Restoring the Overcloud control plane services

Restoring the Overcloud control plane from a failed state depends on the specific issue the operator is facing.

This section provides a restore method for the backups created in previous steps.

The general strategy of restoring an Overcloud control plane will be to have the services working back again to re-run the update/upgrade tasks.

YUM update rollback

Depending on the updated packages, running a yum rollback based on the yum history command might not be a good idea. In the specific case of an OpenStack minor update or a major upgrade will be harder as there will be several dependencies and packages to downgrade based on the number of transactions yum had to run to upgrade all the node packages. Also, using yum history to rollback transactions can lead to target to remove packages needed for the system to work correctly.

Database restore

In the case we have updated the packages correctly, and the user has an issue with updating the database schemas, we might need to restore the database cluster.

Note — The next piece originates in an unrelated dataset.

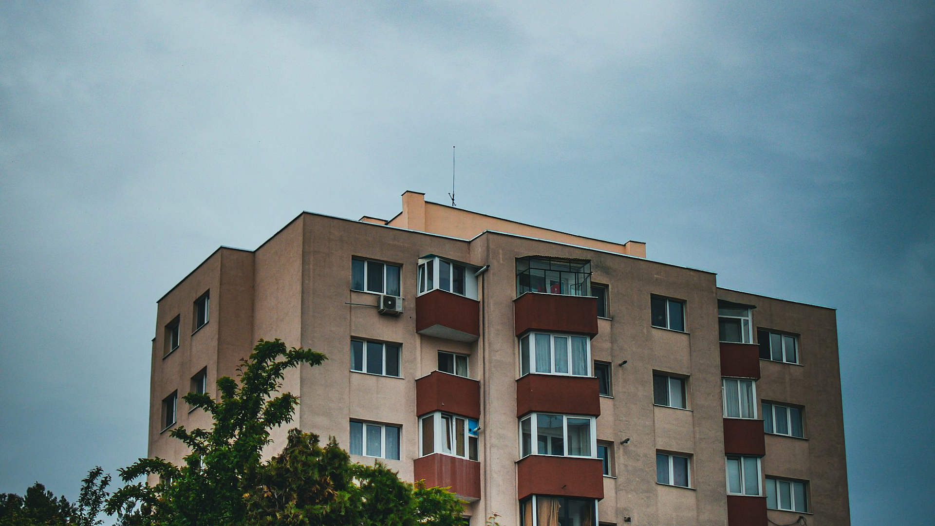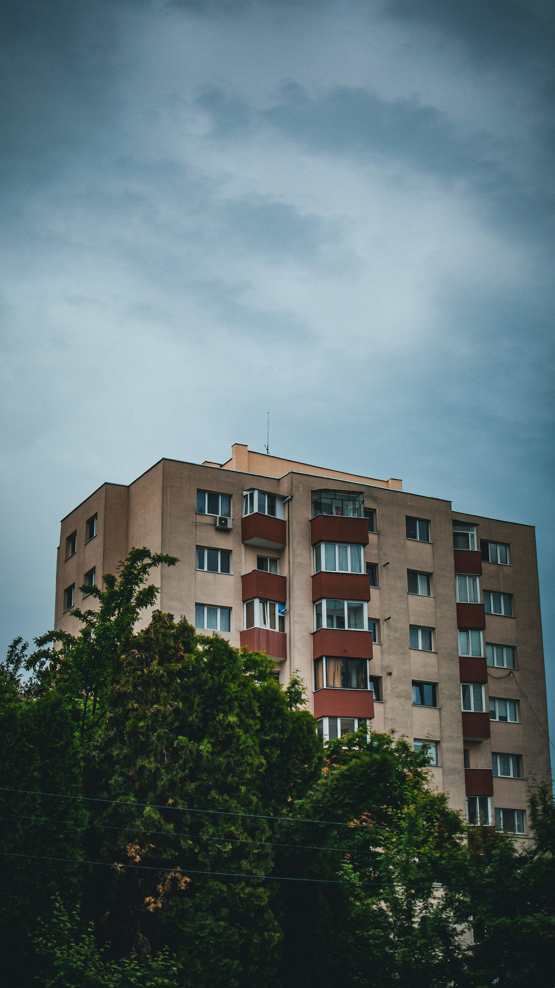 This stunning wallpaper features a tall building with countless windows, standing majestically beside a vibrant collection of trees. A beautiful contrast between urban and natural landscapes.

With all the services stopped in the Overcloud controllers (except MySQL), go through the following procedure:

On all the controller nodes, drop connections to the database port via the VIP by running:

MYSQLIP=$(grep -A1 'listen mysql' /var/lib/config-data/haproxy/etc/haproxy/haproxy.cfg | grep bind | awk '{print $2}' | awk -F":" '{print $1}')
sudo nft add rule inet filter TRIPLEO_INPUT tcp dport 3306 ip daddr $MYSQLIP drop

This will isolate all the MySQL traffic to the nodes.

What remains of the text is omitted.